Can People Change?
When I first started studying business psychology I was a naive 17-year-old with a vision of everyone loving their work.
I truly believed that it was possible to shift organizations into places people felt comfortable enough to bring their best selves while feeling rewarded, recognized, and fulfilled. I soon learned that in order to shift an organizational system, it was first necessary to shift the thinking and behaviors of the highest leaders within that system.
Motivating people at the top to change was easier said than done.
After years of hoping, planning, and trying different approaches, I became increasingly convinced it wasn’t possible for humans to change. The more I doubted my original Utopian vision the more empty and jaded I felt.
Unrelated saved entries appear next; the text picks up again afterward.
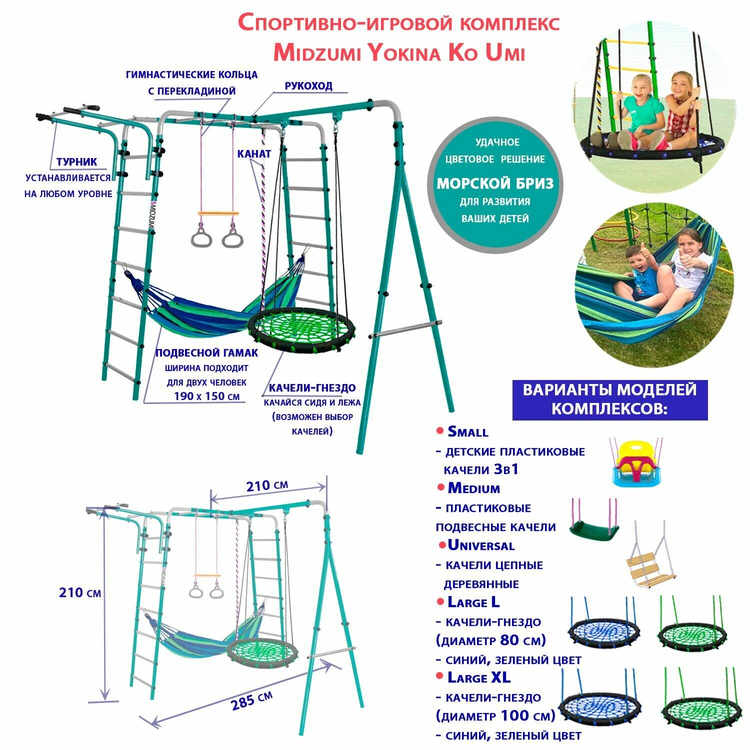 Спортивно-игровой комплекс Midzumi Yokina Ko Umi Small Детские пластиковые качели 3в1 (синий гамак) интересное: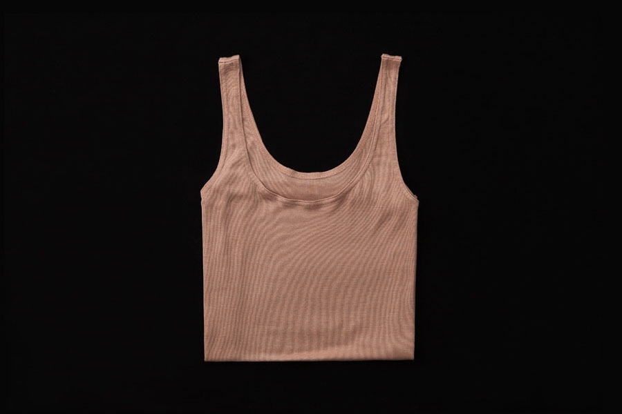 肩は、肌着の肩ひもがちょうど隠れるような太さで、
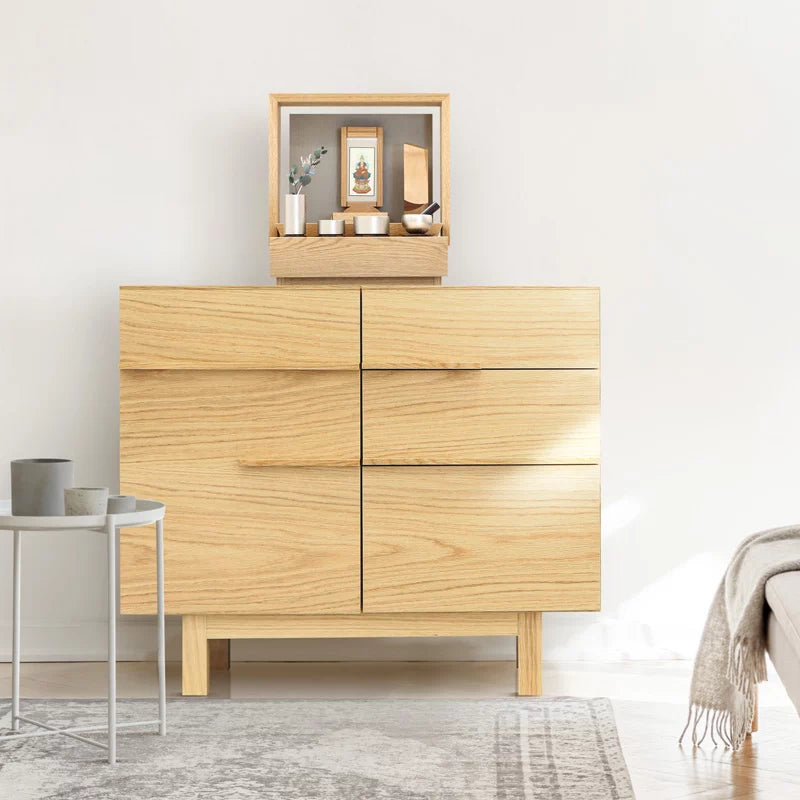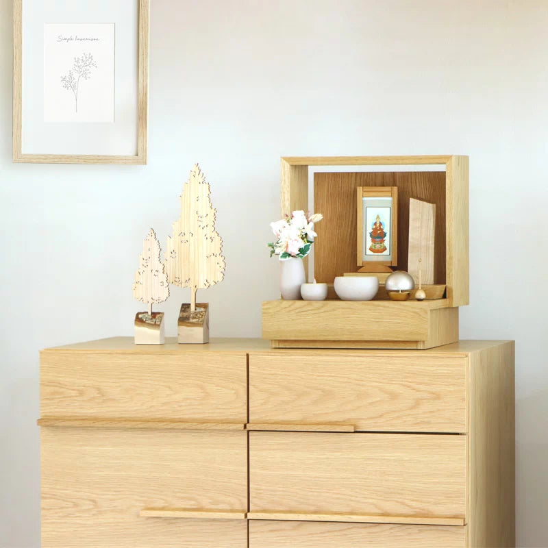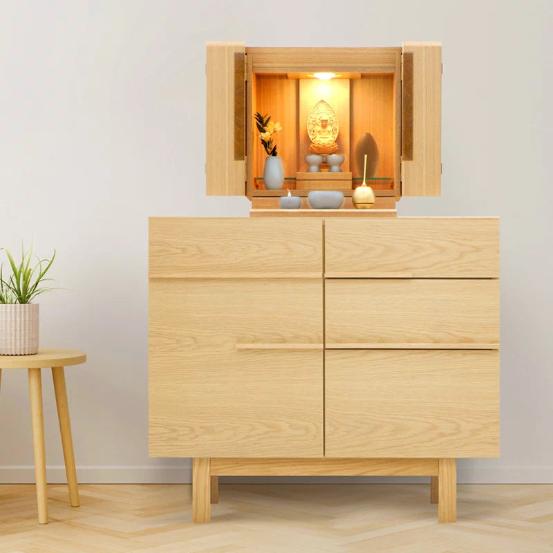 オークの木目を活かしたシンプルな佇まいが、お仏壇をモダンに演出します。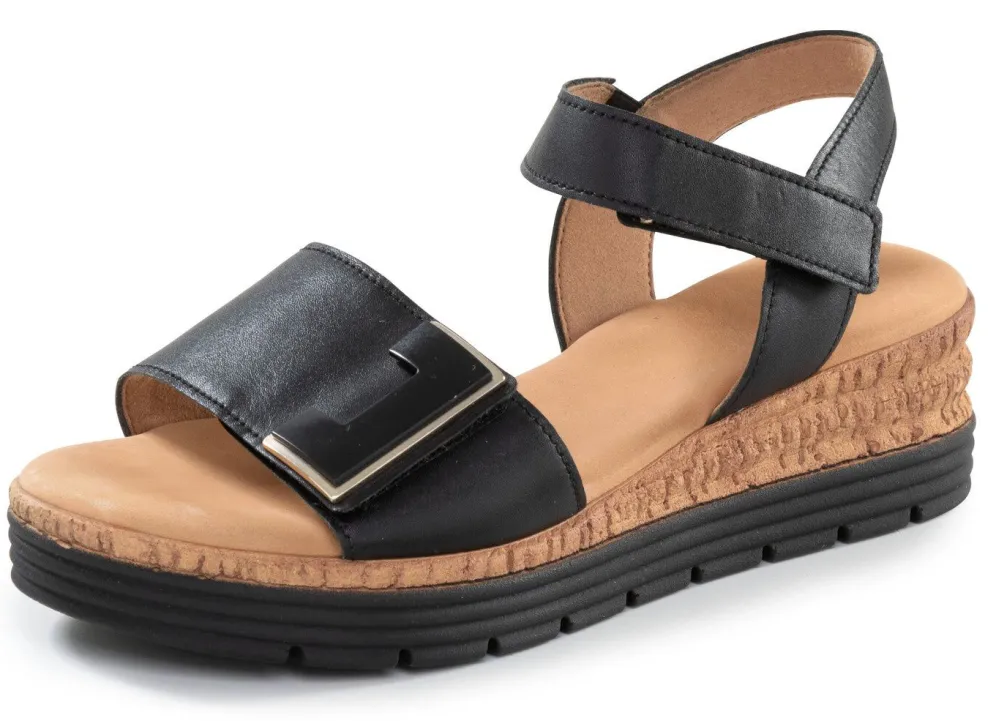 Sandaletten aus genarbtem Nappaleder mit dekorativer Klettspange: Weite G, Klettriemchen mit seitlichem Gummizug, Futter, gepolsterte Lederdecksohle, leichte 20 mm PU-Plateau-Laufsohle mit Kork-Optik und 50 mm Keilabsatz

The less fulfilled I was in my work, the more my grip slipped and I was left with little to no sense of hope.
Not only was I unsure I could help others feel fulfilled in their work, I didn’t have a clue of how to do it for myself.
That is when I gave up on life, as I knew it.
I was already going through a divorce and was finalizing the details of Mom’s estate after she had passed, so that meant that some aspects of life were already in a tidy bow, which suggested there was little left to walk away from.
I chose to pause my master’s program, quit my job, sell most of my furniture and put the rest in storage. I bought a one-way ticket to Managua, Nicaragua and figured that somewhere, somehow I may be able to answer my big question: Can people change?
It took over a year of wondering and wandering before I had my big a-ha moment.
Change is natural. Humans are wired for change, we are doing it ALL the time. What may seem like small choices (what time to wake up in the morning, what to eat for lunch, whether to go to the gym or not, whether to call a friend in need, how to respond to your boss’s 1 am email) are all amounting to how we organize ourselves as we move through life. These small choices adjust over time, amounting to different outcomes for ourselves and those around us. When we are not adjusting these decisions based on intentions, unconscious change starts to unfold – we gain weight, we lose touch with people, we become reactive/defensive or distant/dismissive.
Unconscious change leads to extended status quo, at best, and more often a downward spiral at various speeds.
Conscious change is the path to a more fulfilling life.
Conscious change is as simple as choosing to smile at the person next to us, using willpower to bite our tongues when we could start an argument, waiting until after a cup of coffee to read email. When we do the little things that may feel hard in the moment but eventually become habit, we are choosing to move from the life we have in the direction of the life we want.
Since the moment I boarded my flight to Managua (and probably long before that), I have devoted my life to learning about change — how it applies to my life and how I can teach others to apply it to theirs. I now have thousands of examples of how change is not only possible, but inevitable. I have been working on a model of change and decision frameworks to make it more simple to move in the direction of our dreams.
I’ve already shared small pieces and essential tools with you in other posts, and in the coming months, I will share more in hopes that it helps you feel like a butterfly in whatever area of life you most want to.